Выбрать главу

Но и в тот день Аматусия не вняла моим мольбам, или уже sic erit in fatis, только все вновь совершилось в том же порядке, как накануне. Через некоторое время меня вызвали на общественный пир, на этот раз устроенный на земле, так как в Селе не было достаточного числа столов для всех собравшихся.

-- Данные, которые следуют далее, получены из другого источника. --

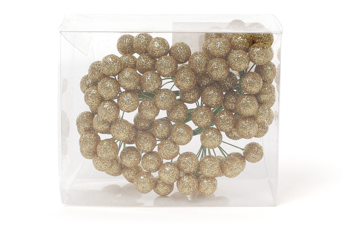 Набір декоративних ягід 12мм, 96шт, колір - яскраве золото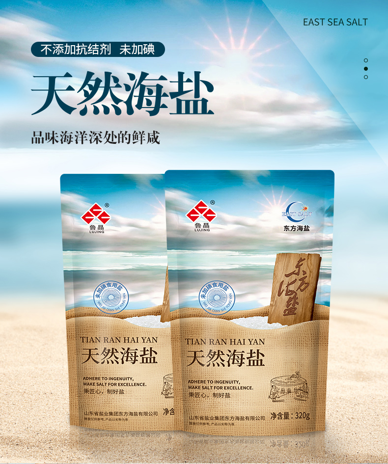 鲁晶(LUJING) 鲁晶未加碘天然海盐320g*6袋无碘无抗结剂食用盐厨房调味品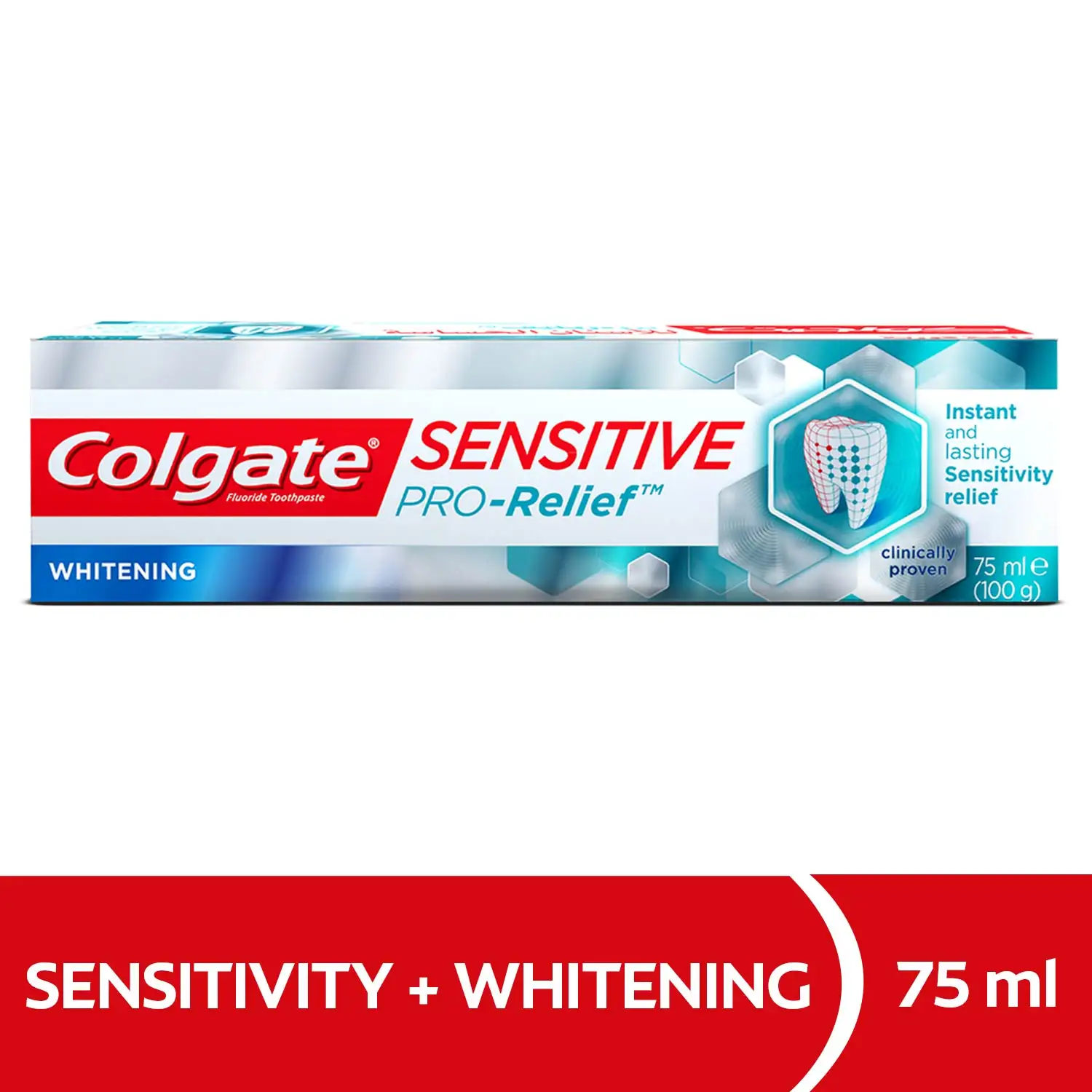 معجون اسنان كولجيت برو-ريليف للاسنان الحساسة يمنحك حرية نسيان كل ما يتعلق بالام الاسنان الحساسة. من اين تاتي الام الاسنان الحساسة؟ - انحسار اللثة وتاكل مينا الاسنان ممكن ان يؤدي الى كشف الاف القنوات الدقيقة والمؤدية لمركز اعصاب اسنانك. - عند ملامسة اسنانك للمواد الساخنة، الباردة او السكريات ينتقل الاحساس مباشرة من خلال القنوات الدقيقة الى الاعصاب ويتسبب في احداث الالم. كيف يعمل كولجيت برو-ريليف للاسنان الحساسة ؟ - معظم معاجين الاسنان الاخرى للاسنان الحساسة تعمل مبدئياً على تخدير الالم. - كولجيت برو-ريليف للاسنان الحساسة يعمل على سد القنوات الدقيقة التي تؤدي الى اعصاب الاسنان الحساسة وذلك ليساعد على ايقاف الالم. - مع الاستعمال المنتظم، يبني حاجزاً للحماية يدوم طويلاً و يعمل كغطاء واقي ضد حساسية الاسنان.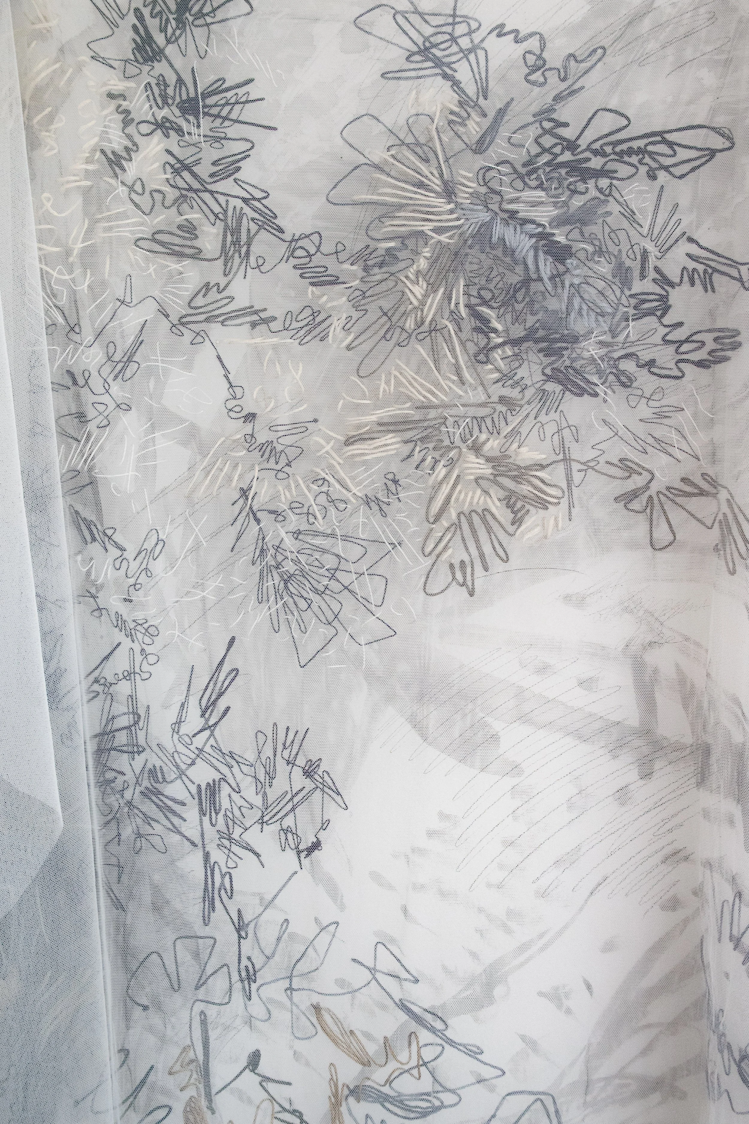 Drawing has always been my first language, but over time it has outgrown its surface. I now work across materials, letting thread and fabric function as line and plane. I draw into space rather than across it. My embroidered tulle installations act like ghost drawings: light-sensitive, barely there, and always shifting. The tulle holds nothing and everything, with marks that drift, stitches that bind, and glimmers that refuse to settle. These works focus not only on what is visible, but on what is lost in the folds. In parallel, my pencil drawings offer a quieter intimacy. Dense clusters of marks float or radiate across the page like constellations or weather patterns, mapping sensation as much as structure.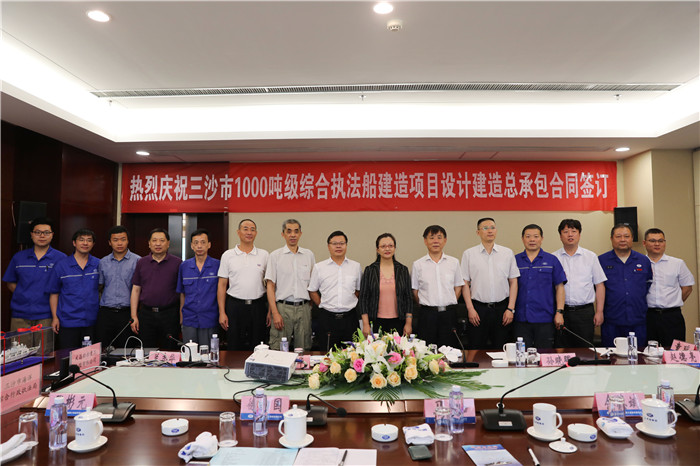 6月21日,武船集團與三沙市海洋綜合行政執法局在武船雙柳基地簽訂1000噸級綜合執法船建造合同。

Опять происходило общее пьянство и ликование, в котором я всячески старался не принимать участия, опять, при свете звезд и факелов, началось странное богослужение, которое, может быть, всего более напоминало женские мистерии в честь Приапа; опять я увидел Рею, в час, когда она говорила к народу и выполняла чудовищные обряды, – преображенной, как если бы было в ней два существа: дневное – простая, некрасивая, хотя и разумная девушка, играющая, как в театре, роль Царицы, и ночное – неодолимая соблазнительница, постигшая чары и зелья фессалийских колдуний, умеющая казаться прекрасной и возжигать в сердце такое пламенное желание, которое подобно боли от кинжальной раны, и чтобы бороться с которым надо иметь силы Алкида или ту помощь, какую своему Ипполиту давала божественная Делосская Охотница.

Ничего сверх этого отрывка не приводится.